In cases of term patients with suspected fetal macrosomia, current evidence does not support early induction of labor. Results from recent reports indicate that induction of labor at least doubles the risk of cesarean delivery without reducing the risk of shoulder dystocia or newborn morbidity, although the results are affected by small sample size and bias caused by the retrospective nature of the reports. Results from one randomized clinical trial reveal similar cesarean delivery rates in the induction group (19.4 percent) compared with the expectant management group (21.6 percent), with five cases of shoulder dystocia in the induction group and six cases in the expectant management group.
Suspected Fetal Macrosomia and the Management of Labor and Vaginal Delivery.

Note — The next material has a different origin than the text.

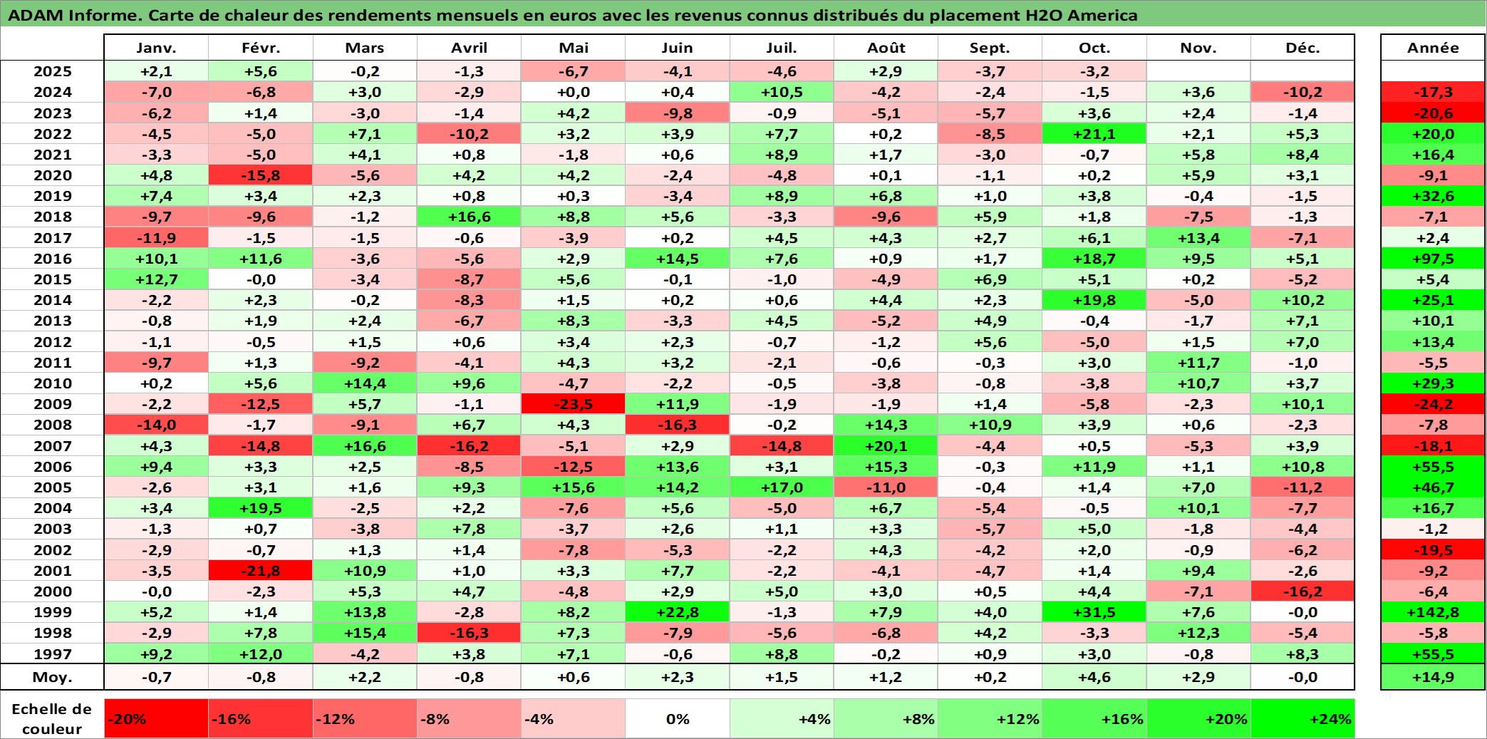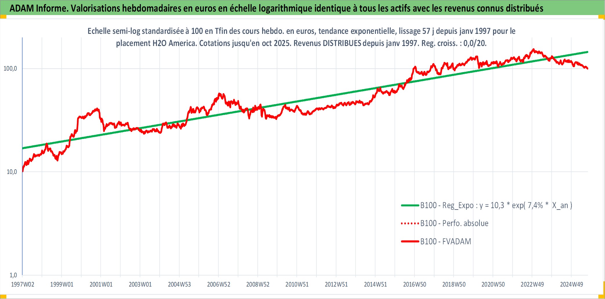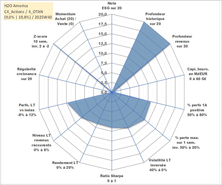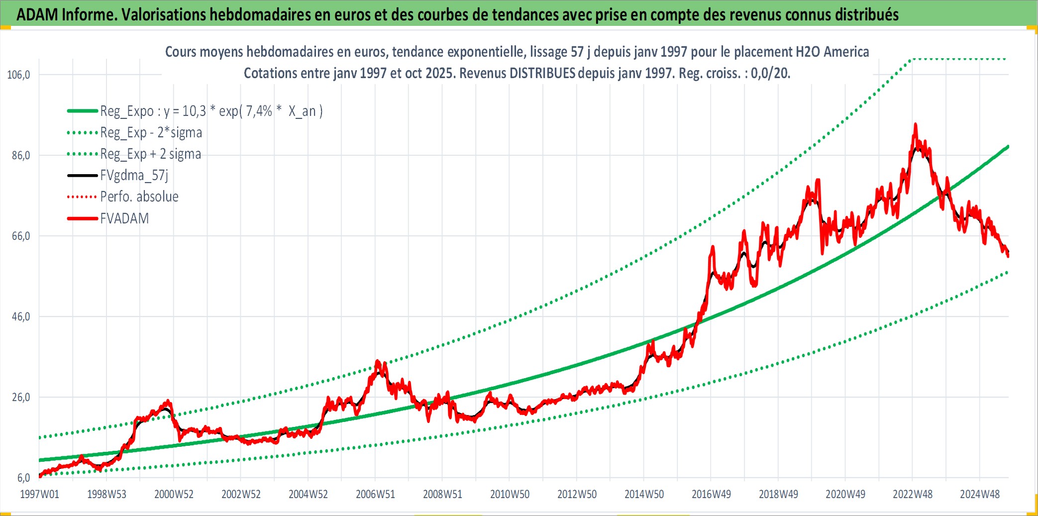 Site dédié aux investisseursPage dédiée sur site financeAnalyse des valorisations hebdomadaires de l'action H2O America. Cet actif est cote en USD. Les valorisations sont en contrevaleur EURO et couvrent les semaines 1997W01 a 2025W40. Les revenus de cet actif financier sont pris en compte depuis la semaine 1997W05. La note ESG de cet actif n'est pas connue.

Midpelvic operative vaginal delivery is the most important consideration for labor and delivery in the case of suspected fetal macrosomia. With the exception of extreme emergencies, a cesarean delivery should be performed for midpelvic arrest of the fetus with suspected macrosomia. If a decision is made to perform a cesarean delivery in the presence of suspected macrosomia, the incision should be large enough to avoid a difficult abdominal delivery.
Summary of Recommendations
The ACOG committee provides the following recommendations for the management of fetal macrosomia:
Recommendations based on good and consistent scientific evidence (Level A):
The diagnosis of fetal macrosomia is imprecise. For suspected fetal macrosomia, the accuracy of estimated fetal weight using ultrasound biometry is no better than that obtained with clinical palpation (Leopold's maneuvers).
Recommendations based on limited or inconsistent scientific evidence (Level B):
Suspected fetal macrosomia is not an indication for induction of labor, because induction does not improve maternal or fetal outcomes.
Labor and vaginal delivery are not contraindicated for women with estimated fetal weights up to 5,000 g in the absence of maternal diabetes.
With an estimated fetal weight more than 4,500 g, a prolonged second stage of labor or arrest of descent in the second stage is an indication for cesarean delivery.
Recommendations based primarily on consensus and expert opinion (Level C):
Although the diagnosis of fetal macrosomia is imprecise, prophylactic cesarean delivery may be considered for suspected fetal macrosomia with estimated fetal weights of more than 5,000 g in pregnant women without diabetes and more than 4,500 g in pregnant women with diabetes.
Suspected fetal macrosomia is not a contraindication to attempted vaginal birth after a previous cesarean delivery.